This has just been fixed in the 3.0 and devel branches. The fix will be 
contained in 3.0.2.
A temporary workaround is to split the one FILTER statement in the second 
query into multiple smaller FILTER statements and move them near their 
respective FOR loops.
Best regards
Jan

Am Montag, 4. Juli 2016 16:44:54 UTC+2 schrieb Jan:
>
> I tried to reproduce the behavior locally and I think I am seeing that 
> same problem. 
> In the latter query (the one that does not use indexes), the query 
> optimizer executes a function that will move the FOR loops around in the 
> query. It will try to create all possible permutations of FOR loops that 
> don't change the meaning of the query. In the latter query, the optimizer 
> is free to move around any of the 9 FOR loops, because there are no FILTER 
> statements between them that could be problematic. So the optimizer will 
> start creating new execution plans with FOR loops moved around. This could 
> create 9! (faculty, i.e. 362880) different execution plans, but by default 
> the optimizer stops at 192 plans in order to avoid that combinatoric 
> explosion. And when that number of plan is reached, the optimizer will stop 
> applying some optimizations in order to put a cap on the overall 
> optimization runtime.
> That's the reason why in the second query the "EnumerateCollectionNode"s 
> are not converted into "IndexNodes". The optimizer has stopped before this 
> step because there are already so many execution plans.

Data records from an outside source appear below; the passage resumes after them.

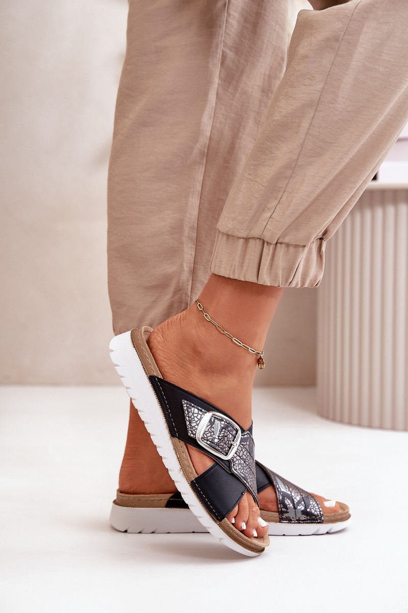 Comfortable Women's Slippers With Buckle Inblu CN000032 Black
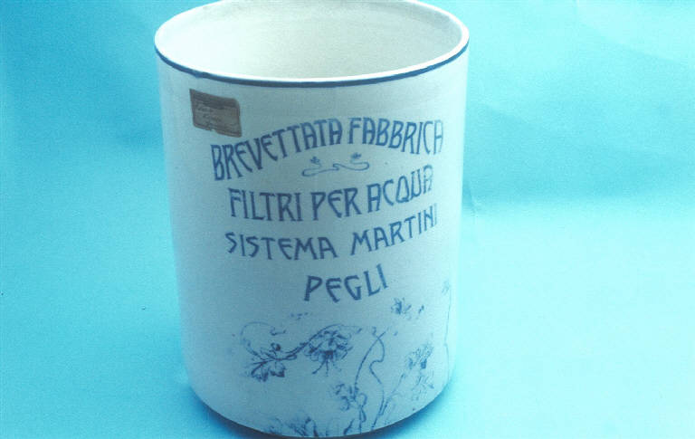 Contenitore cilindrico; fondo bianco decorato con motivi floreali e scritta "BREVETTATA FABBRICA/ FILTRI PER ACQUA/ SISTEMA MARTINI/ PEGLI" in nero.
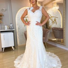 Lindíssimo vestido de noiva sereia, em renda, decote coração com cauda. Na Rose’s Noivas você encontra essa e outras opções de vestido de noiva.
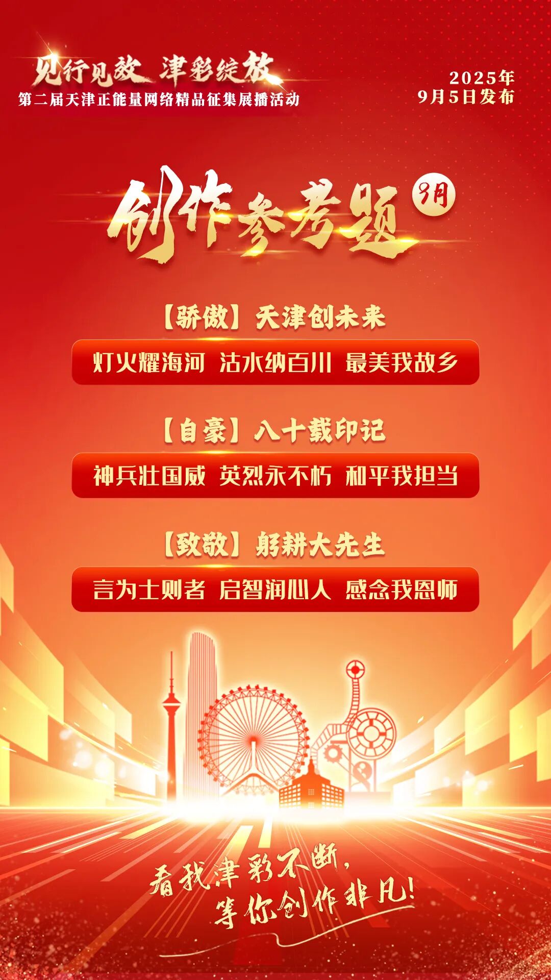 “见行见效 津彩绽放”2025第9期创作参考题来啦!
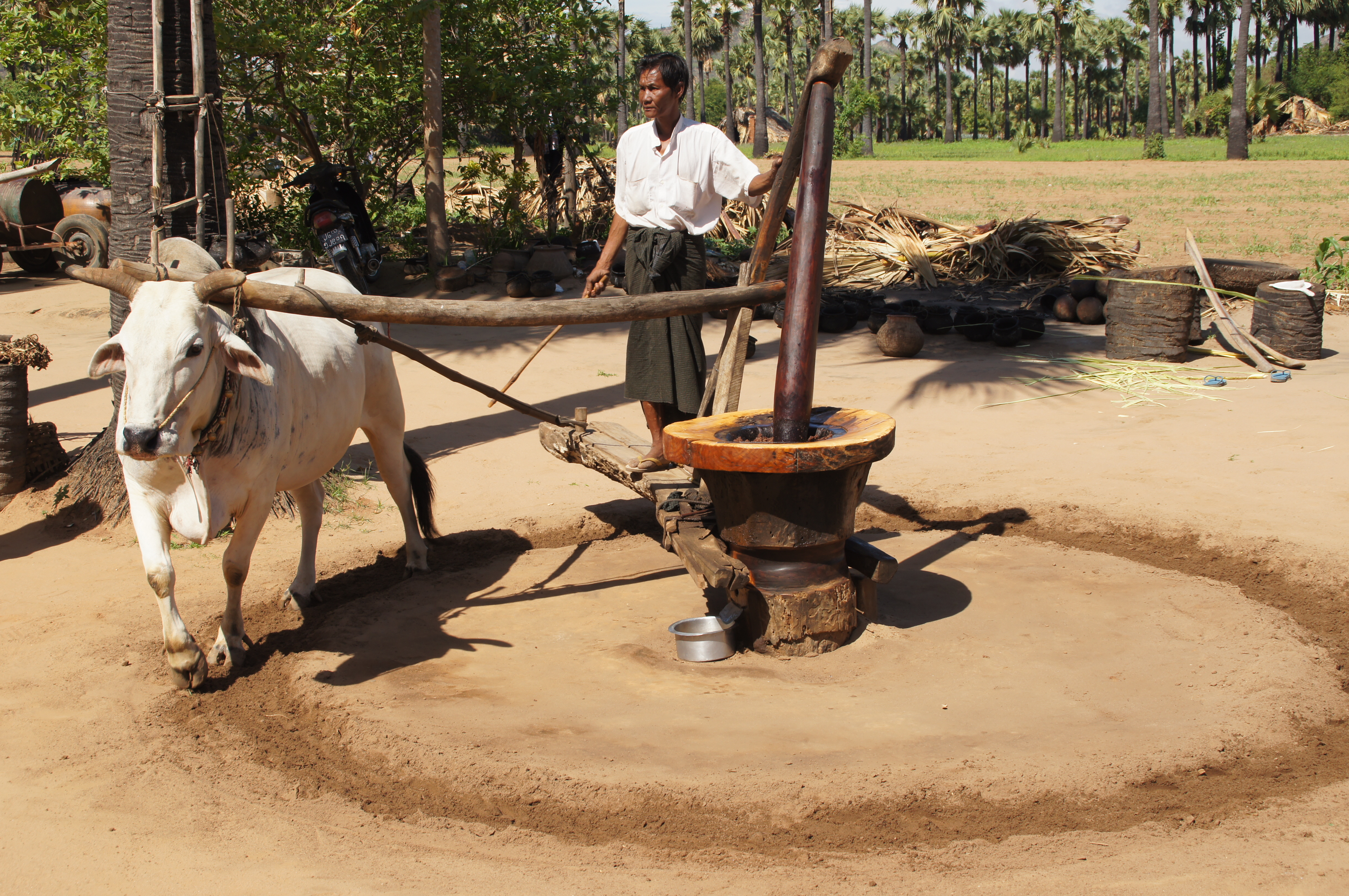 Erdnussölpresse Published 24. Juni 2013 at 4912 × 3264 in Bagan – Pagoden so weit das Auge reicht vierbeinig betriebene Erdnussölpresse
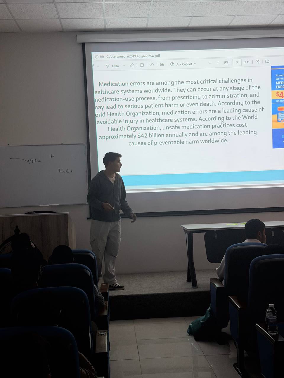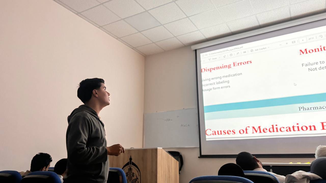 استمراراً للنشاطات العلمية الطلابية وبحضور السيد عميد كلية الصيدلة المحترم، قدّم الطالب [مرتضئ حسن عبد الهادي منسي] عرضاً تقديمياً مميزاً بعنوان ( أنواع الأخطاء الصيدلانية ) .
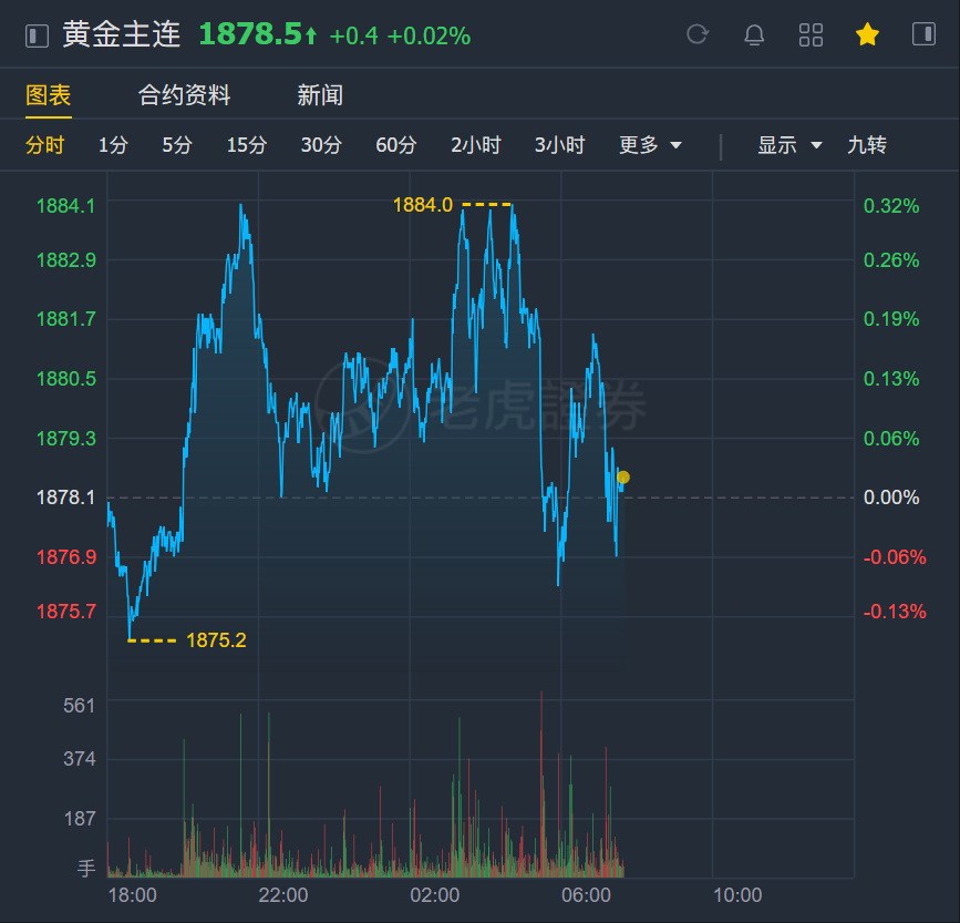 国际黄金微幅上涨,截止发稿,涨0.02%,报1878.5美元/盎司。
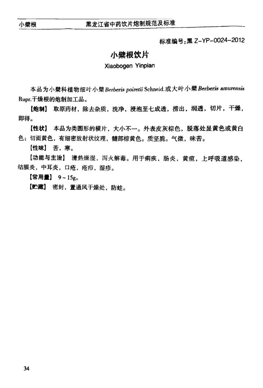 (黑龙江省中药饮片炮制规范及标准 - 2012年版)
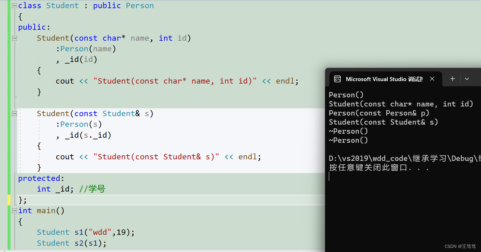 这里的原因是因为这里子类(Student)是有两部分构成的,一部分是子类本身的结构,另一部分是继承了父类的结构,接下来观察父类的构造函数和析构函数
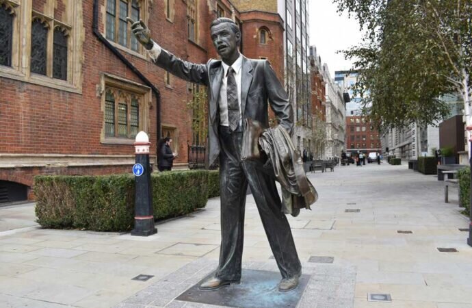 Все, что ему нужно, – это такси. Необычная скульптура на улице Джона Карпентера так и называется – «Такси». Расположилась она у вокзала Блэкфрайерс в 2014 году. Вообще памятник был создан в 1983-м и стоял в Нью-Йорке на Парк-авеню. Он был полностью окрашен и настолько напоминал живого человека, что пугал нью-йоркских таксистов. Мало того, говорят, во время теракта 11 сентября пожарные пытались спасти его, полагая, что это настоящий мужчина. Когда скульптура перекочевала в Лондон, на ней оставили только белую рубашку.

> In the first query, the optimizer is not as free to move around the FOR 
> loops, because the FILTER statements restrict some of the movements. And 
> because of that, it will not generate as much execution plans and not stop 
> optimizing prematurely.
>
> I am currently looking into how this can be made a bit smarter.
>
> Am Montag, 4. Juli 2016 09:43:56 UTC+2 schrieb Jan:
>>
>> Can you supply the collection types (document/edge) and index definitions 
>> for the collections that are used in the query. That may help diagnose this 
>> further.
>> You can get the index definitions via
>>
>>   db.<collectionname>.getIndexes()
>>
>> Thank you and best regards
>> Jan
>>
>> Am Sonntag, 3. Juli 2016 11:37:05 UTC+2 schrieb Michele Ippoliti:
>>>
>>> btw.. the first query is longer.. 
>>> but this doesn't change the question.